• **Work task**: Everything from the line with "ヘッドライトのように頭部へ装" to the line with "Mermaid V-Neck Criss-Cross" in the listing below, both lines included, needs to be copied exactly, apart from the pictures.

[Provided information — start]

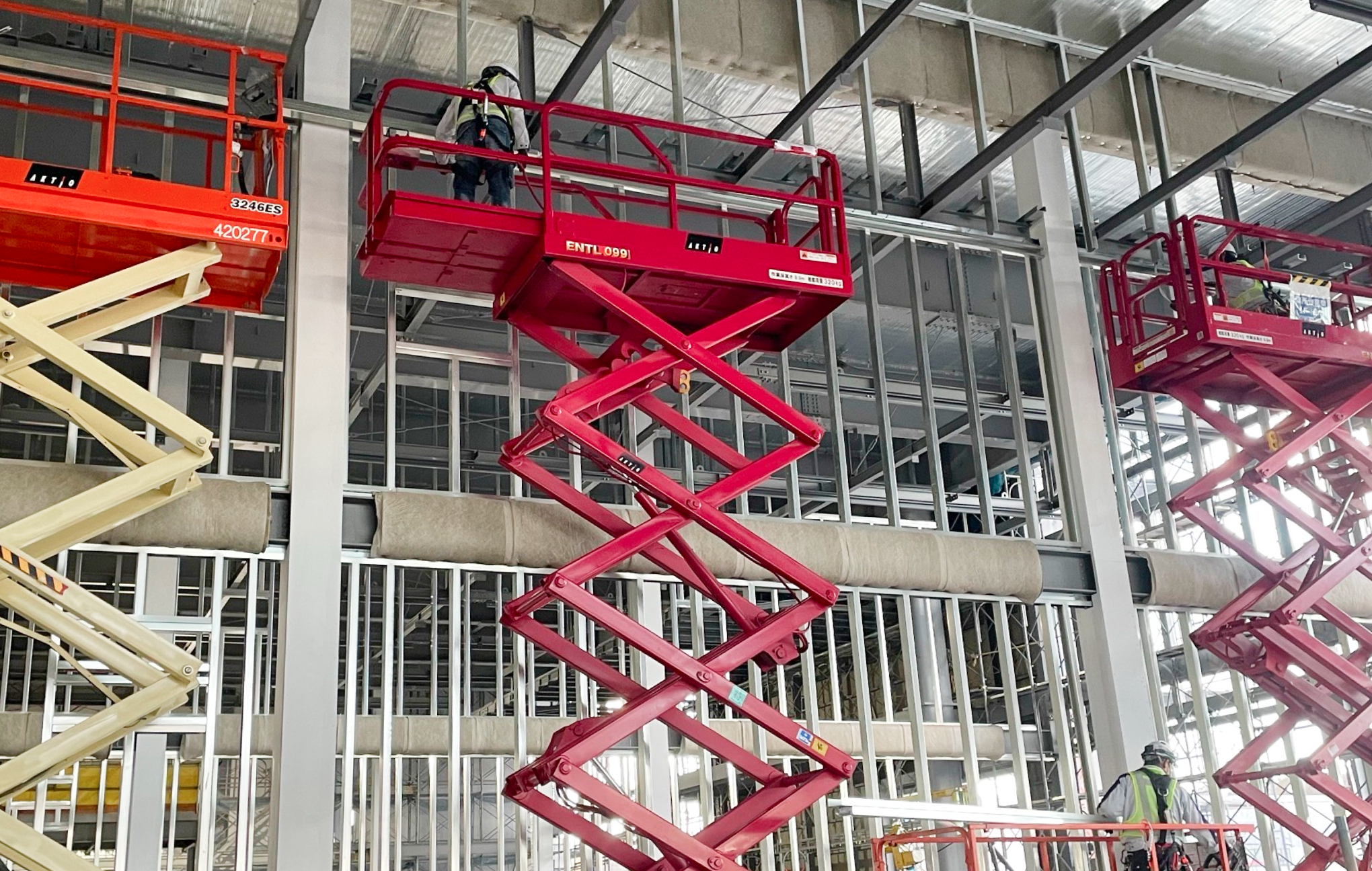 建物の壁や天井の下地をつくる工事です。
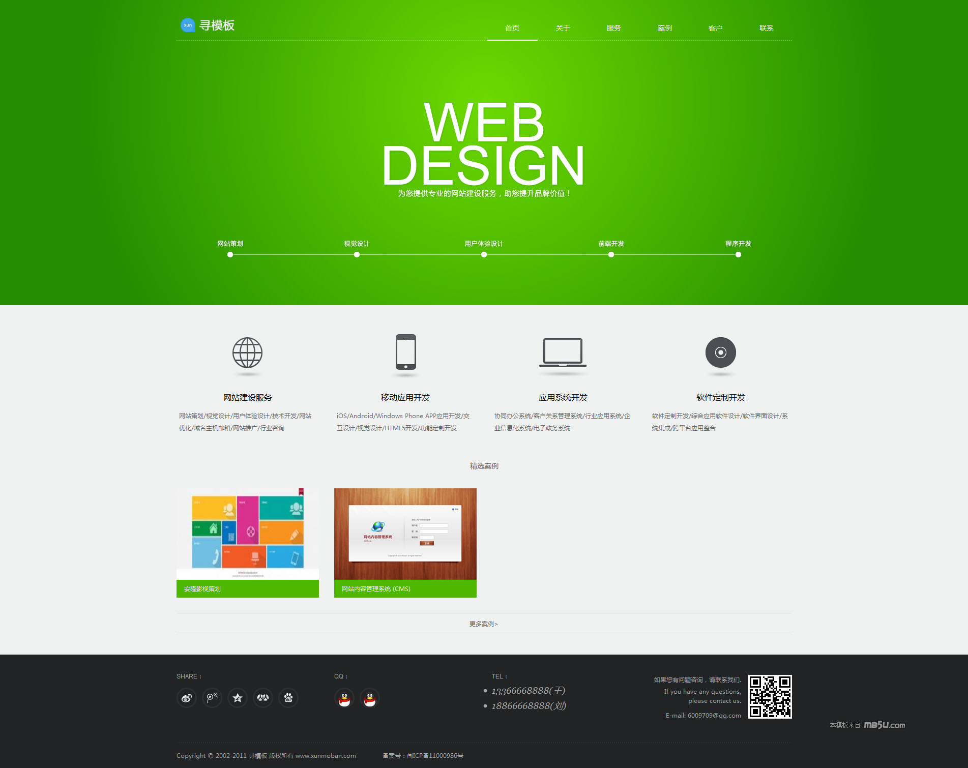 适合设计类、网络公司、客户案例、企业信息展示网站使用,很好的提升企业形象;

[Provided information — finish]
[Provided information — start]

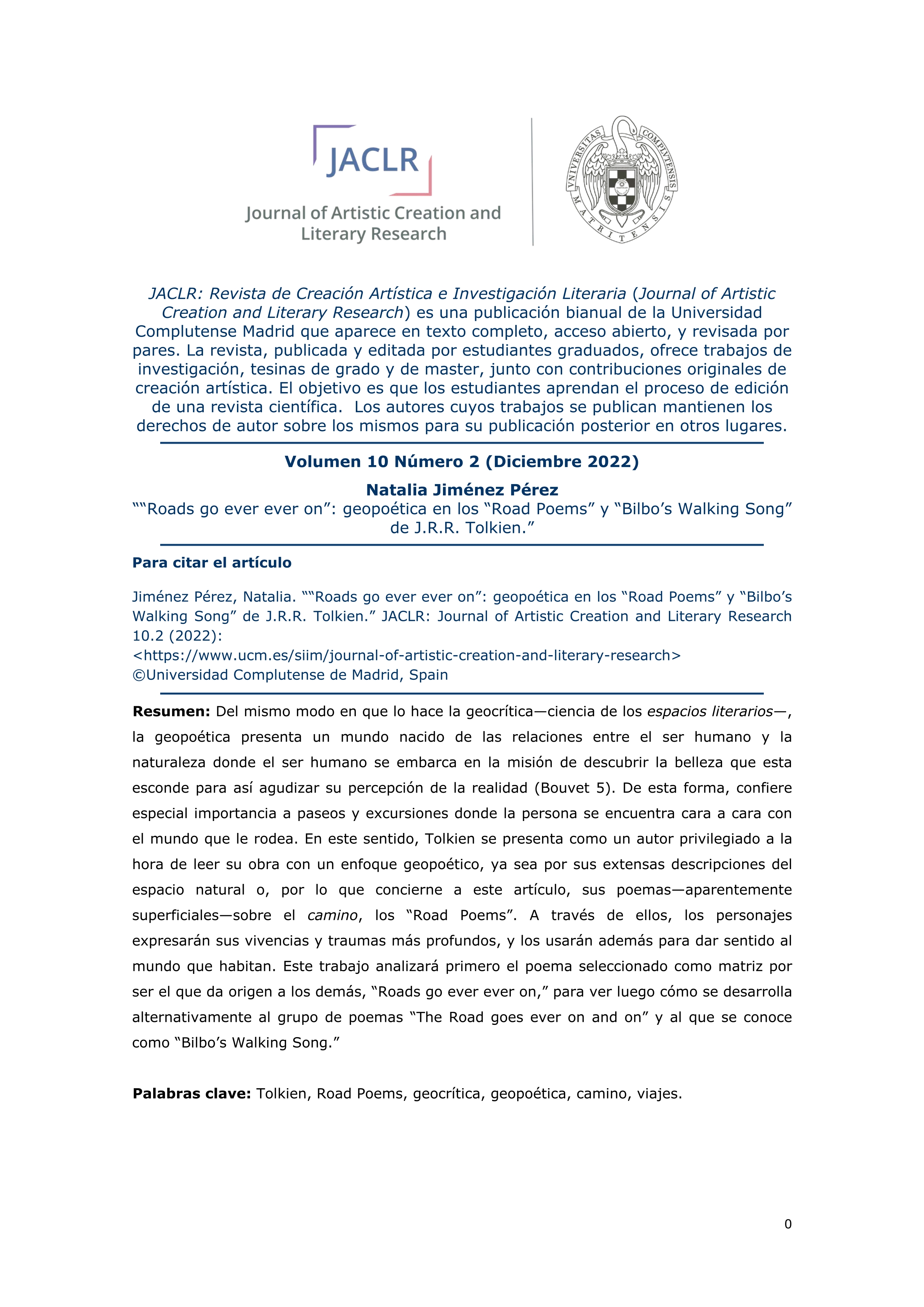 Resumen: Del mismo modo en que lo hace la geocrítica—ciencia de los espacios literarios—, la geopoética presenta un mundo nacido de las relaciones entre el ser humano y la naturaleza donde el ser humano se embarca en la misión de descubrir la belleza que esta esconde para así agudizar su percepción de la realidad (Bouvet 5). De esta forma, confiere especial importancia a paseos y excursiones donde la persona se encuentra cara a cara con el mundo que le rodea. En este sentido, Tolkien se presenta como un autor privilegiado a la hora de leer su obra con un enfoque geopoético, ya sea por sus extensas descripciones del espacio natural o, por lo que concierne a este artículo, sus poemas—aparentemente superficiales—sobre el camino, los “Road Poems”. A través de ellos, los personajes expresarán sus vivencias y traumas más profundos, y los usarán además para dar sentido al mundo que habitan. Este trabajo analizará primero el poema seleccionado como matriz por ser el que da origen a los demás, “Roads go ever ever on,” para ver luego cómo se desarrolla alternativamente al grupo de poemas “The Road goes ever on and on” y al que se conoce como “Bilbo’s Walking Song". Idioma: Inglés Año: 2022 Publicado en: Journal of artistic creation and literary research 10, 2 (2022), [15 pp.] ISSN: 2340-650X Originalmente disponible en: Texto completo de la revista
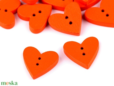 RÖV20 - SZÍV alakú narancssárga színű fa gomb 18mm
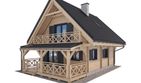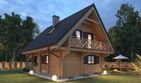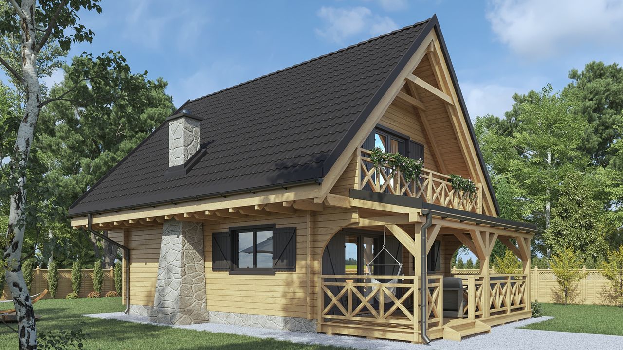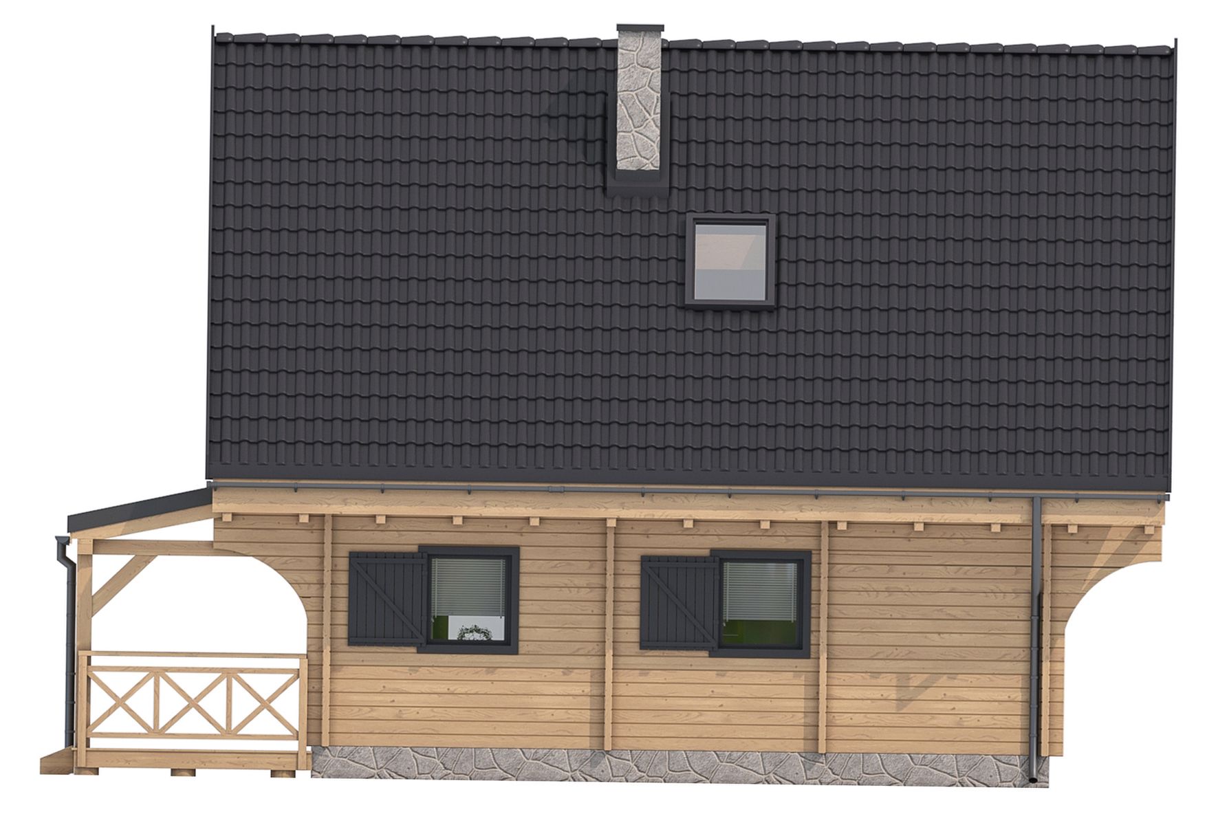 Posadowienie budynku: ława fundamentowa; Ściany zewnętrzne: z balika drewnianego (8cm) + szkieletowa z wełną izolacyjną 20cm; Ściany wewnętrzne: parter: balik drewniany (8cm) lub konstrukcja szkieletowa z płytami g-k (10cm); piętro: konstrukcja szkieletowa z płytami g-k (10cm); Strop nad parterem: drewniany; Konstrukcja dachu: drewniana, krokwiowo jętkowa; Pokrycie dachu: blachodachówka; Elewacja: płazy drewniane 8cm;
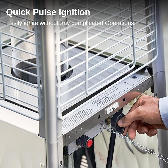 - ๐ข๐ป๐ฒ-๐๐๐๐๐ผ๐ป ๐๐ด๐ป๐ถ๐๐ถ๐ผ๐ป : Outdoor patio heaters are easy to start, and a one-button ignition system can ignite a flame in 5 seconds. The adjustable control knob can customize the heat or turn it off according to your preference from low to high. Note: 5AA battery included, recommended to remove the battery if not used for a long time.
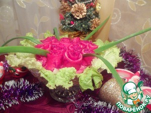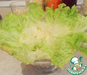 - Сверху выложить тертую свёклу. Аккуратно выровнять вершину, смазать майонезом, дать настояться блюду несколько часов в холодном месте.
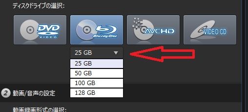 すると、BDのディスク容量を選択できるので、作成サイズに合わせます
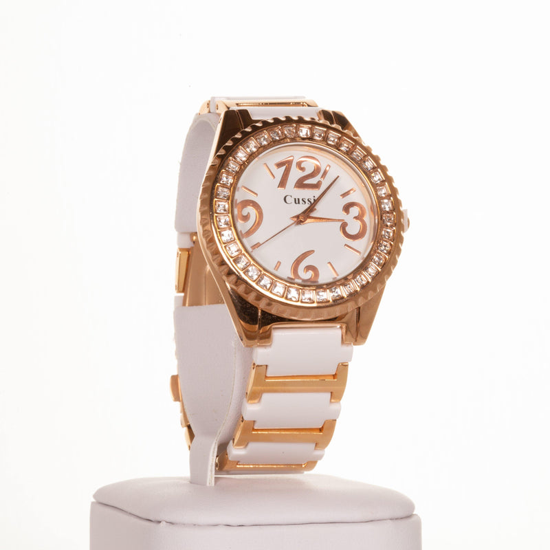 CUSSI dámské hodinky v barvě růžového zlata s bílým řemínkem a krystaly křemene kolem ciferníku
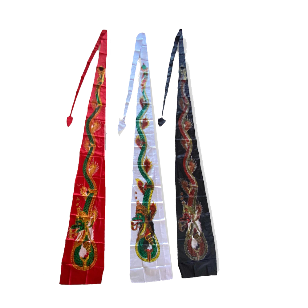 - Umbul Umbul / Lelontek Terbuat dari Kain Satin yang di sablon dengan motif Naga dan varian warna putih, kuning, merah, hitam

[Provided information — finish]
[Provided information — start]

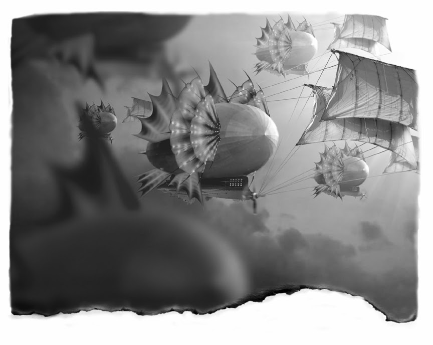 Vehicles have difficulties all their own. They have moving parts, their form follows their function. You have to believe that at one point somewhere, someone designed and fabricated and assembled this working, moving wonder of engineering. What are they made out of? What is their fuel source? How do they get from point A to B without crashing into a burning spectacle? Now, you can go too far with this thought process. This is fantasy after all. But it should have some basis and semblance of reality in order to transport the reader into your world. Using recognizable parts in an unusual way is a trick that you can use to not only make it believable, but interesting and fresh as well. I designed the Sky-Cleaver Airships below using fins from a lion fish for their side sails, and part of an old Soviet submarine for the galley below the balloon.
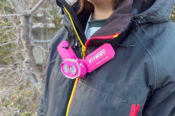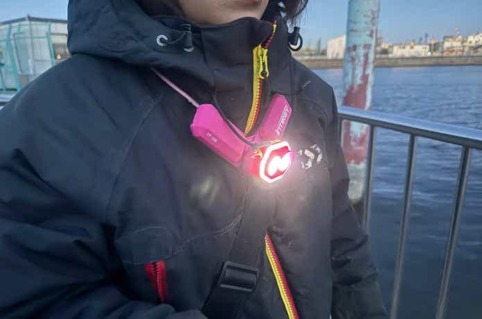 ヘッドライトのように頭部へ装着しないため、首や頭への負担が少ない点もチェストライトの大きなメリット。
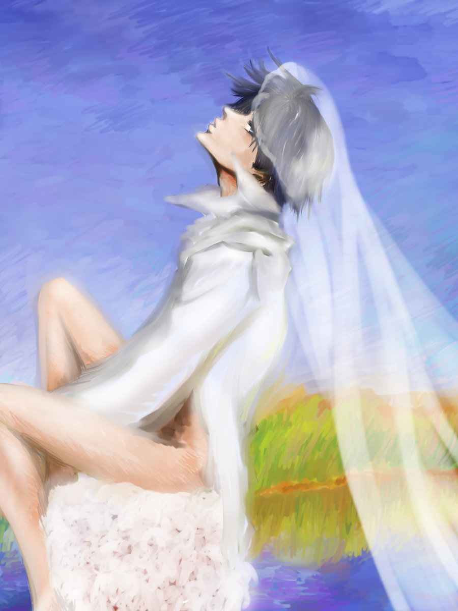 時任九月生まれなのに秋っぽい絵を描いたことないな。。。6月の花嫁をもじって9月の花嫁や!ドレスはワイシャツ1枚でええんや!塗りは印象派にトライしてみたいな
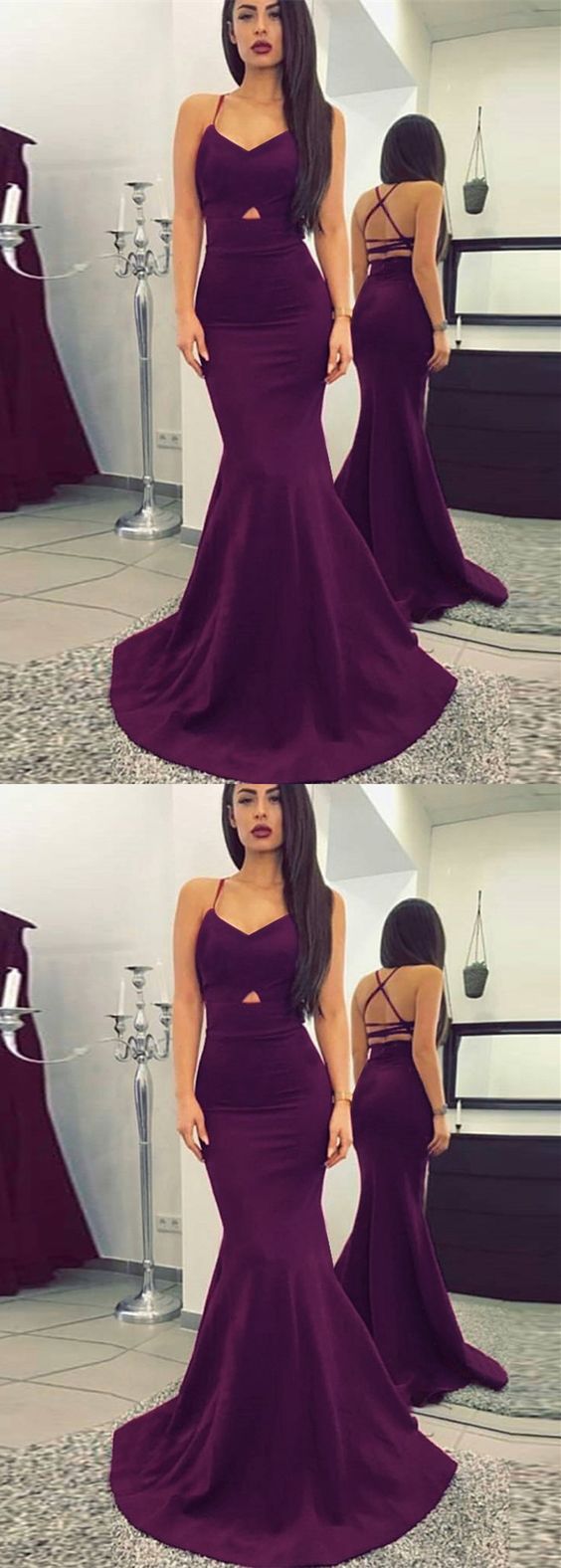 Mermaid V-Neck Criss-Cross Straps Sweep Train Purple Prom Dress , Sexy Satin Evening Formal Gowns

[Provided information — finish]

• **Output below**:
 ヘッドライトのように頭部へ装着しないため、首や頭への負担が少ない点もチェストライトの大きなメリット。
 時任九月生まれなのに秋っぽい絵を描いたことないな。。。6月の花嫁をもじって9月の花嫁や!ドレスはワイシャツ1枚でええんや!塗りは印象派にトライしてみたいな
 Mermaid V-Neck Criss-Cross Straps Sweep Train Purple Prom Dress , Sexy Satin Evening Formal Gowns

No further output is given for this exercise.